Coronavirus fears have resulted in federal interest rates being cut as recently as last week. The virus has also been wreaking havoc on global markets. Experts expect the situation to worsen before it improves. What does this mean for the United States and its economy?
Last week, the Fed announced emergency rate cuts as fears about the economic effects of coronavirus began to hit U.S. markets. Last Friday, stocks dropped sharply. Anticipation of a further downturn to the United States economy has increased after a particularly volatile weekend that led to a rout in stocks and crude oil prices once the markets opened on March 9th. There are fears of a global downturn, as well, which could have a ripple effect across the world – adding to the unease many economists feel.
Latest Economic Developments Due to Coronavirus (as of March 9, 2020):
- – Saudi oil price war
- – Emergency rate cuts to the Fed
- – Repeat poor performances on Wall Street
- – Global shares take a hit, growth stagnates
What This Means for the U.S. Economy and Interest Rates
Last weekend saw tensions in the alliance between OPEC and Russia that has until now worked to restrain oil supply to support prices. Fears about the impact of coronavirus to the oil market led OPEC to propose further cuts to oil production. Russia refused to agree to the proposal. In response, Saudi Arabia flooded the market with oil over the weekend. This caused the commodity’s price to drop as much as 34% to a historic low. This marks the biggest crash in oil since 1991.
While U.S. consumers may celebrate cheap gas over the next few days, it is a short-term benefit. This stop-gap measure from Saudi Arabia does not bode well for the global economy. A price war over oil between Russia and OPEC will cause uncertainties similar to those from the China-U.S. trade war.

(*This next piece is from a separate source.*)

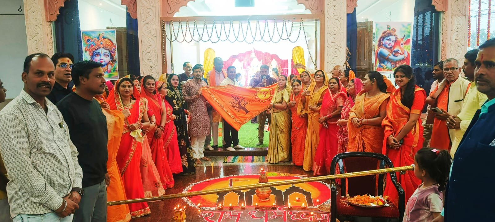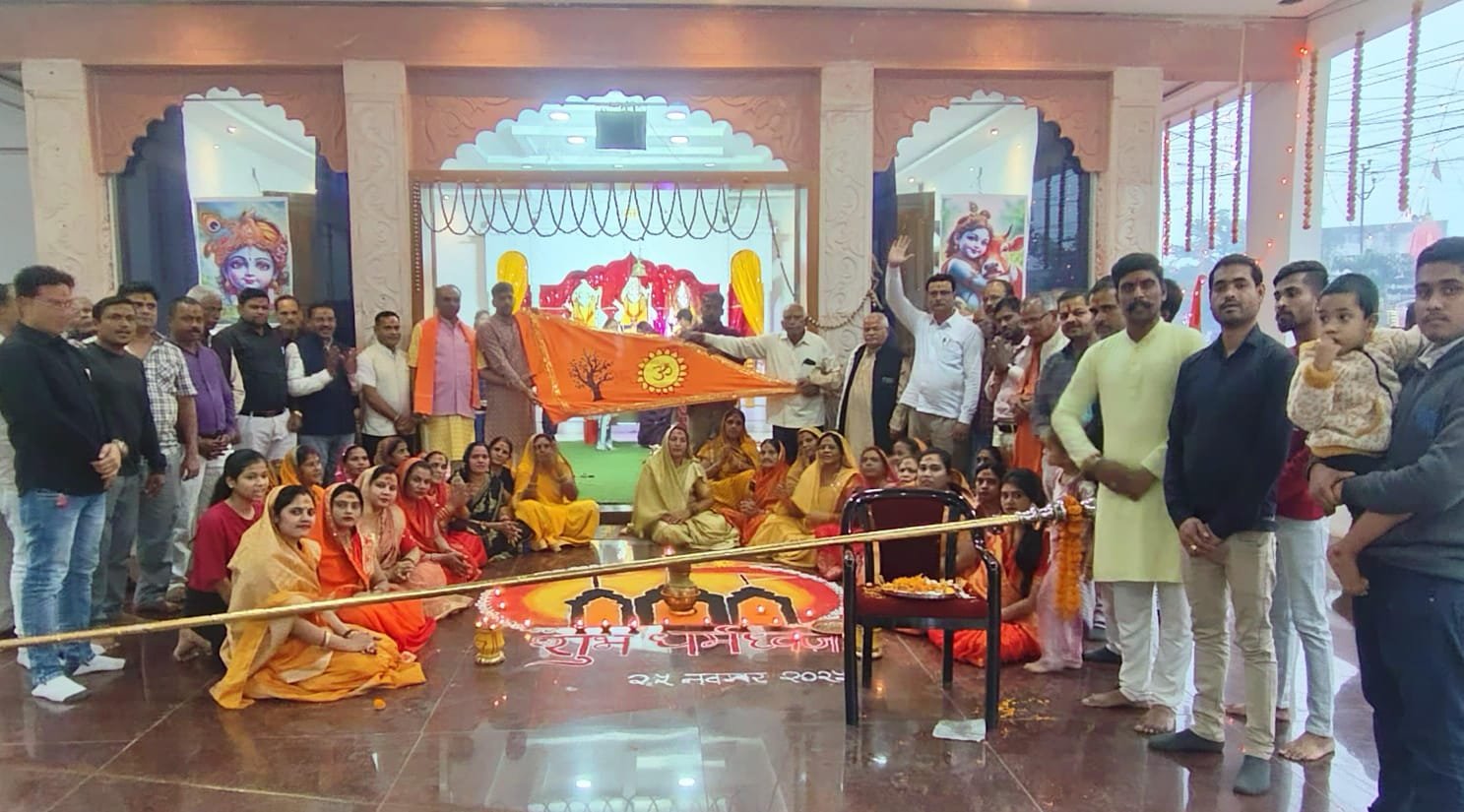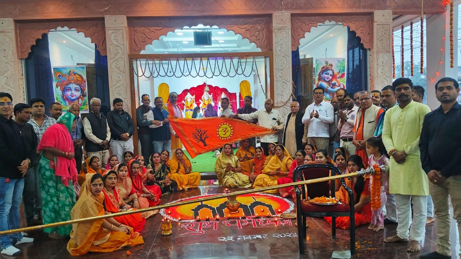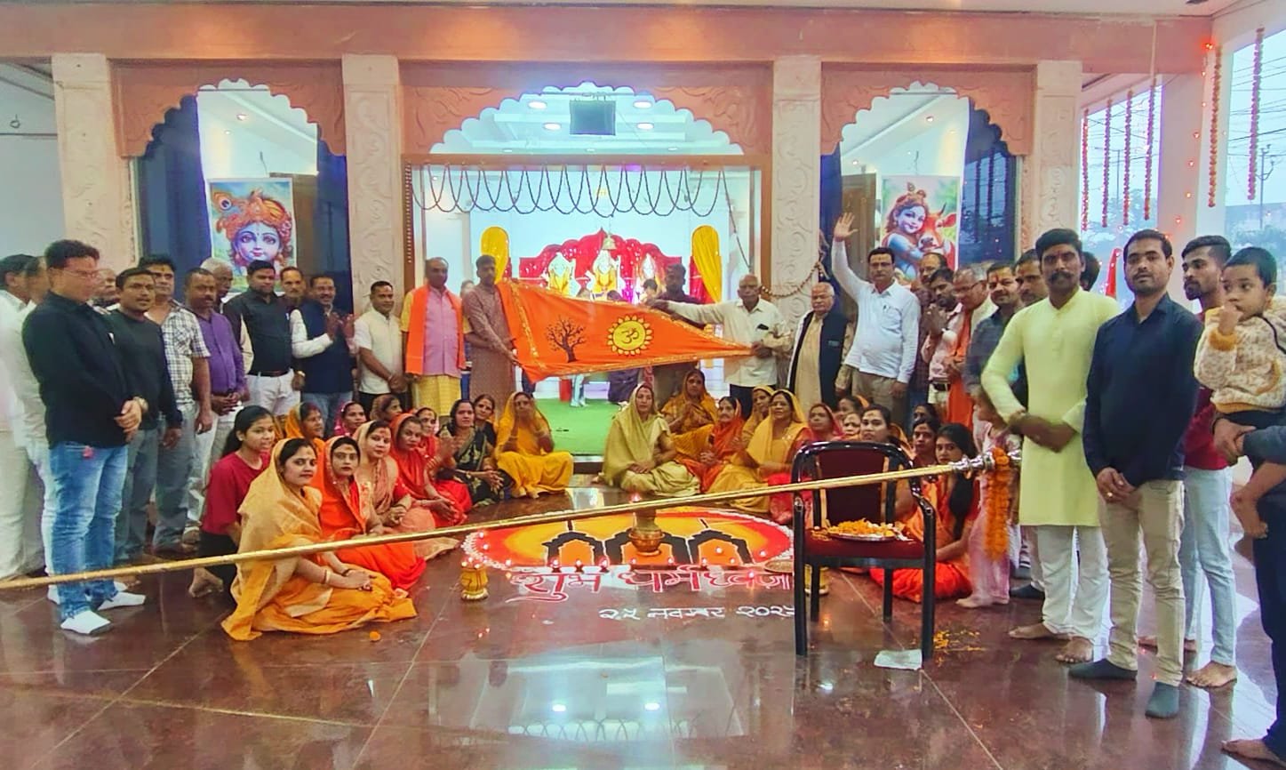 जिसमें सर्वप्रथम भगवा ध्वज का पूजा आरती तत्पश्चात पटाखा फोड़ते हुए जय श्री राम के नारों के साथ भगवा ध्वज को श्री राममंदिर शिखर पर फहराया सभी ने भगवान के भक्ति में भजन में झूमते हुए धूमधाम से भगवा ध्वज का पूजा किया मुख्य रूप से कोमल सिंह ठाकुर ने कहा 5 वर्ष की तपस्या पूर्ण होने पर अयोध्या भगवान श्री राम लाल के भव्य मंदिर निर्माण के उपलक्ष पर 25 नवंबर को धर्म ध्वज फहराया गया

The DOW cratered on Monday morning in response to the tensions between OPEC and Russia. This drop of more than 1,600 points can largely be blamed on a one-two punch of coronavirus fears and OPEC-Russia tensions.
As global economic growth slows – imports and exports, tourism, and automobile sales are beginning to see losses – the U.S. market braces for a bumpy ride. With a scheduled meeting of the Federal Open Market Committee fast approaching, speculation is high. In fact, Wall Street is expecting the Fed to slash interest rates by a further 125 basis points over the next month, culminating in a drop to 0% by mid-April. This is partly based on a forecast by the CME Group, which places a high probability on further rate cuts at the next meeting of the FOMC.
Whether these interest rate cuts will help to stave off economic downturn due to the impact of coronavirus on American industries, remains to be seen.